Safety Training Sessions on May 1st & 7th
CPR and First Aid Classes for San Diego & Los Angeles
Two observer training sessions are planned. John York will host one in Los Angeles on Saturday May 7th. Carol Sing hosts the San Diego safety event on Sunday May 1st. We’ve scheduled two dates in Southern California to make it more convenient in terms of travel. Important details for attendees:
* Email Paula Selby which session you’ll attend
* 9 am start for the CPR-First Aid-AED session
* After lunch will be the CCSF observer course (until 4pm)
* New safety procedures and CCSF rules will be discussed
* Bring a copy of your USMS and/or USA Swimming membership card
* Bring your calendar to schedule dates you can observe

In July, David Clark will conduct on-the-water paddle escort classes specifically designed for long distance swimmers.
Bald Eagle Nests on Catalina Island
Webcams Allows You to Watch Eagle Hatchlings
The non-profit “Institute of Wildlife Studies” has established on Catalina Island 24-hour webcams which are focused on Bald Eagle nests. One at Two Harbors and the other at the West End. Two Harbors Nest In recent weeks, the Bald Eagles laid eggs, which are due to hatch at the end of this month. Fledglings won’t leave the nest until the summer.

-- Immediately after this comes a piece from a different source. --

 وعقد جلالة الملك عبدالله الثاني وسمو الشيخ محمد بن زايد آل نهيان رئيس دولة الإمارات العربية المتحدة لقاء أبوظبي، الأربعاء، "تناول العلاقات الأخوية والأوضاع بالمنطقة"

Viewing a Bald Eagle on a computer screen can distort their size. These majestic birds grow to about the size of a house cat with huge wingspan. The nests are massive: up to 9-feet across. The “Institute of Wildlife Studies” says Bald Eagles hunt other birds and small animals swimming in the sea… Presumably marathon swimmers are not on the menu.

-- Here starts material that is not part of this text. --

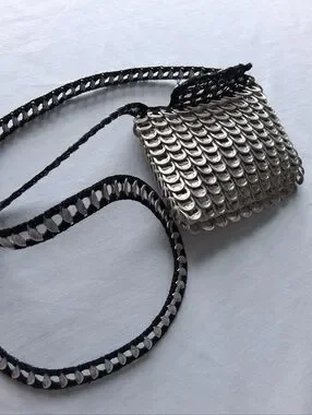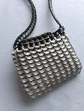 Handmade Pop-Tab Bag Silver Upcycled Soda Can Tabs Small

‘Shedding for the Wedding’ at Terranea
TV Show Taping Occurred During CCSF Swimmer’s Finish
A TV programming note: Tonight’s episode (in the United States) of “Shedding for the Wedding” takes place at Terranea Resort. In fact, the [12]scenes feature the finish beach for so many Catalina Channel swimmers. Last October, Jason Lassen interrupted the taping as he completed his record-setting breaststroke crossing. The director of “Shedding for the Wedding” got angry as Jason and his escort crew approached the beach. He was in the same frame as the action on the beach. The filming had to stop. But intuition by one crew member told him they were witnessing something special. The TV crew, the contestants, and even the director lined the beach to cheer. Jason finished to a standing ovation.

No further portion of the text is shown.